Питательная среда смены — мощнейший стресс глобального размаха. Такую роль раньше выполняли мировые войны. Сегодня возникли ущерб и страх, сравнимые, но не тождественные пока с последствиями именно мировых войн. Угроза здоровью и тем более жизни — сильнейший фактор страха. В случае, когда такая угроза не личностна, а обращена против государств-цивилизаций, война становится «священной», и возникают могучие энергии борьбы за «свободу и независимость Родины». Не случайно всё, что для России и ряда других стран и народов ассоциируется с Победой, в наше время стало предметом попыток сделать «reset», создать новыесмысловые пространства. Так, удар по здоровью связывается с задачами поражения противника в пространствах жизненно важных смыслов.

Ассиметрия и длительность информационной реакции на ковидную проблему, но вовсе не столь эпохальную в рейтинге известных инфекций, указывает не на испуг СМИ и каких-либо стейкхолдеров ужаса. Вопрос в том, кто является бенефициаром раздутого страха, и какие цели он преследует.

«Очень Большая игра»

Ещё несколько лет назад, когда вдруг разверзлась «арабская весна» со всеми её яркими и жестокими сценами, а попутно и инфильтрацией беженцев в Европу, разные авторы из разных политических лагерей приходили к диагнозу, что «у «заваренной каши» есть шеф-повар, даже возможно один, но «расхлёбывать приходится всем вместе». Имя и дислокация этого «шеф-повара» в оценках варьировались (от «международного терроризма» до «большого шайтана») в зависимости от приверженности глобалистскому или любому иному проектному тренду. Сложился консенсус, что началась «переломная эпоха», длительность которой оценивалась по-разному. Китайские учёные, например, полагали, что она достигнет 10—0 лет. Многие другие говорили: «год-полтора» — до наступления глобальных бунтов из-за недоступности продовольствия или других событий глобальной значимости. Так или иначе говоря о новой эпохе, стоит вспомнить слова покойного Д. Рокфеллера, сказанные им в 1994 году: «Мы стоим на пороге глобальных перемен. Всё, в чём мы нуждаемся, это в масштабном кризисе, и тогда народы примут новый мировой порядок».

Следовательно, вопрос сводится к тому, чем являются те ли иные глобально значимые катастрофы, сегодня — COVID-19 — поводом, причиной, следствием или эпизодом «разогрева». В любом случае с начала XXI века мы видим множественные импульсы дестабилизации миропорядка: 9/11, арабская весна», финансовые кризисы 1998 и 2008 годов, санкции, торговые войны, Брексит, сепаратизм в Европе, миллионы беженцев, Викиликс, Ватиликс… За фасадом событий — резко увеличившееся количество антитеррористических операций, военных учений, глобальная передислокация войск, непрекращающаяся демонстрация военных мускулов, демонтаж договоров о контроле над вооружениями и военной активностью… Накал напряжённости «с оружием в руках» вырос заметно. Военная мощь вновь стала важнее, чем какой-либо иной фактор государственной мощи. Попутно свои негативные эффекты показывает через климат и природные катастрофы ноосфера, данная нам теперь в ощущениях вовсе не в той версии, которую предсказывал В. И. Вернадский.

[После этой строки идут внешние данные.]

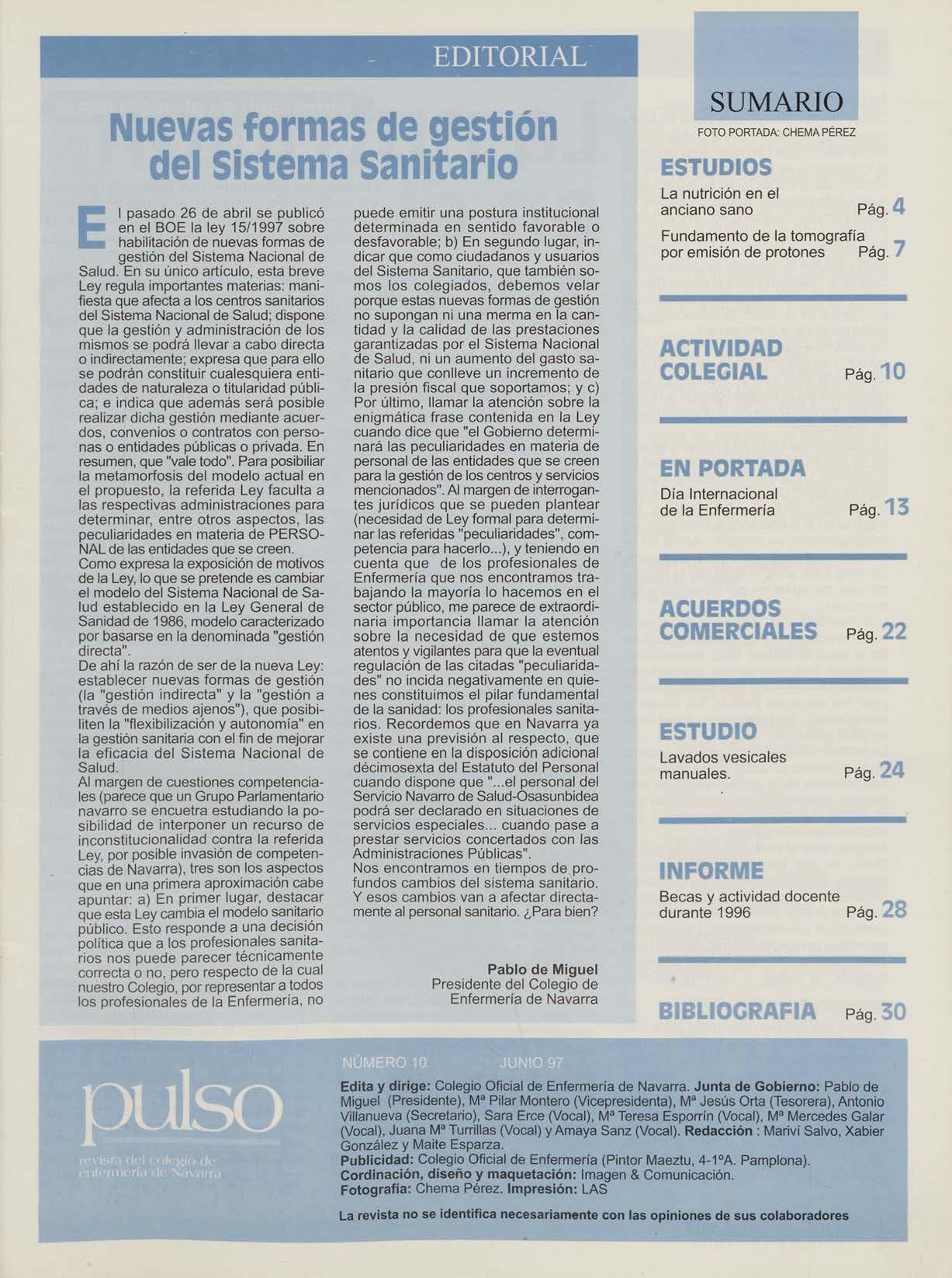 Edita y d iri ge: Colegio Oficial de Enfermería de Navarra. J unta de Go bi ern o: Pablo de Miguel (Presidente), M9 Pitar Montero (Vicepresidenta), M9 Jesús Orta (Tesorera), Antonio Villanueva (Secretario), Sara Erce (Vocal), Ma Teresa Esporrín (Vocal), M8 Mercedes Galar (Vocal), Juana M9 Turrillas (Vocal) y Amaya Sanz (Vocal). Red ac ci ó n : Mariví Salvo, Xabie r Gonzalez y Maite Esparza
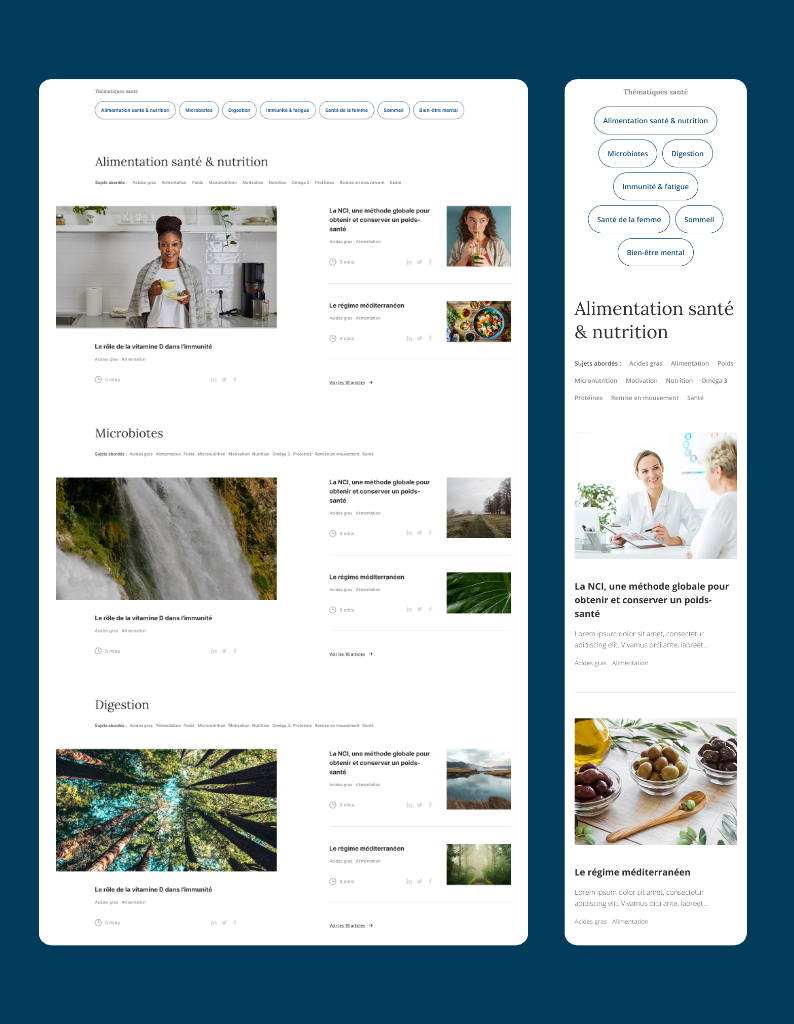 • Des parcours de lecture fluides et thématisés encouragent l’exploration des contenus et renforcent l’adhésion à la ligne éditoriale de la Revue Santé.
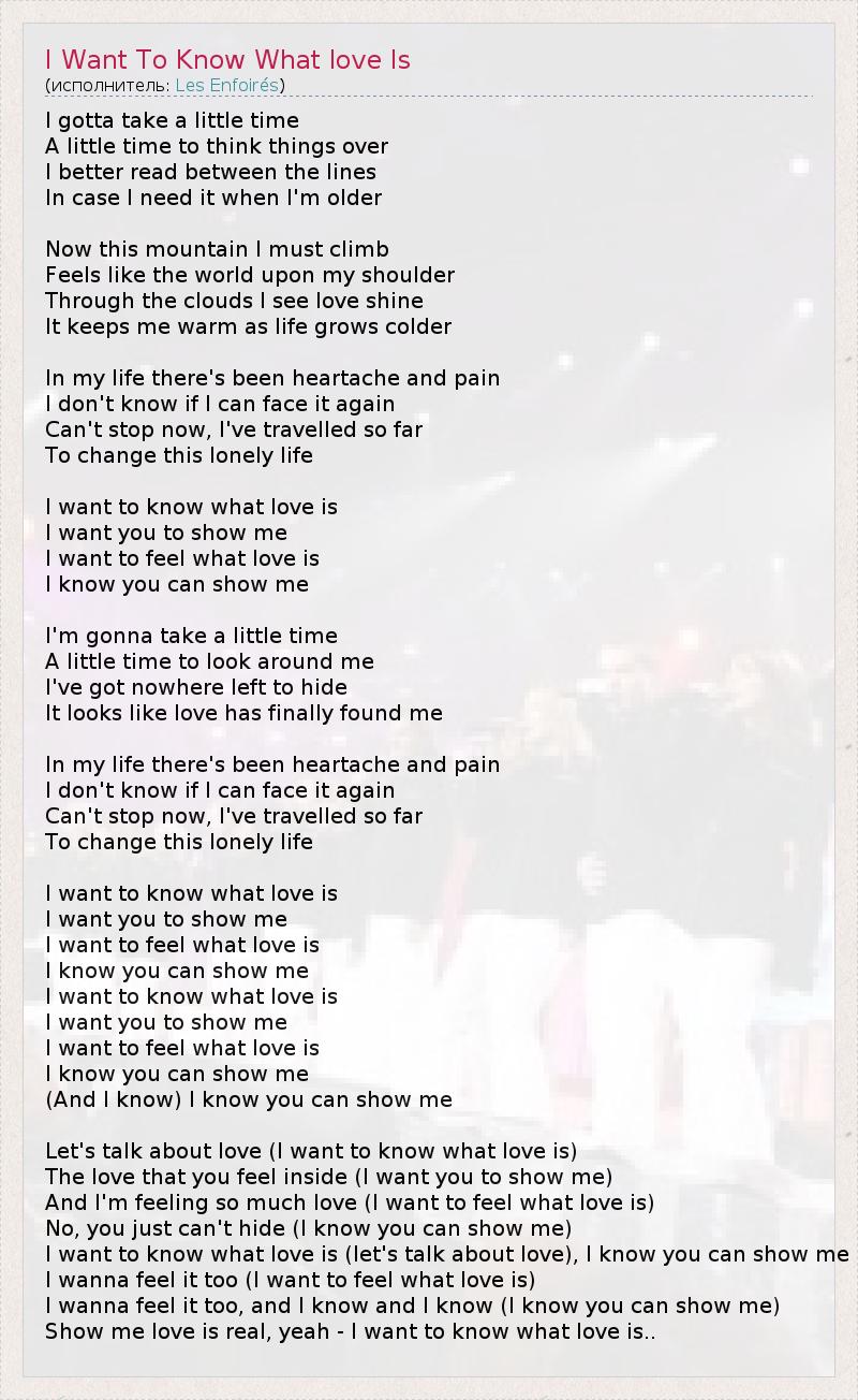 А как ты думаешь, о чем песня "I Want To Know What love Is" ?

Давно также миру продемонстрирована высокая синхронность управляемых реакций в обширной географической дуге, а сегодня, как показал COVID‑19, и глобально. Ясно также, что изощрённость целенаправленных чьих-то спецопераций, помноженная на уже запущенные аттракторы (идеалы, мотиваторы массовых акций), фактический отказ от ранее неформально принятого джентльменского» кодекса поведения закулисных игроков — всё это повысило степень азарта и издержек в «Большой игре», которая давно стала «Очень Большой игрой». Та известная «Большая игра» не охватывала столь глобальные аспекты, до которых поднялось человечество в своём технологическом и умственном прогрессе. Если у Вернадского было понимание деятельности людей как «геологической силы», то сегодня требуются сравнения сильнее. Они и делаются, но часто походя, в суете, без осознания, насколько всё это грандиозно.

Множественность провоцирующих импульсов, зачастую проводимых анонимно с гарантией отсутствия доказательств чьей-либо вины, порождает множественность и ошибочную адресность ответных мер в будущем, подобно тому, как сложилась судьба «морских котиков» после поимки ими «бен Ладена». Несколько лет огульных обвинений России, но не её одной, за те или иные сугубо предположительные грехи создала глубоко укоренившийся стереотип фиксации виновников и их какого-то наказания вне зависимости от наличия и доказательств состава преступления.

Таким образом, если виновник инкогнито или очевидно мнимый, то и бенефициар — это инкогнито или очевидно мнимый. На роль «злодея» может быть назначен любой. Это крайне опасная ситуация.

Она несколько раз в последние годы едва не создала риски серьёзного военного обострения в отношениях крупных военных держав. Стоит подчеркнуть, что если на военные угрозы должны реагировать именно государства, то множество иных типов угроз может исходить вовсе не от государств и направлено может быть не против государств как таковых. Неслучайно была легитимизирована концепция «глубинного государства» применительно к тому или иному случаю. Но также очевидно, что это общее понятие отнюдь не даёт ответы на необходимые вопросы.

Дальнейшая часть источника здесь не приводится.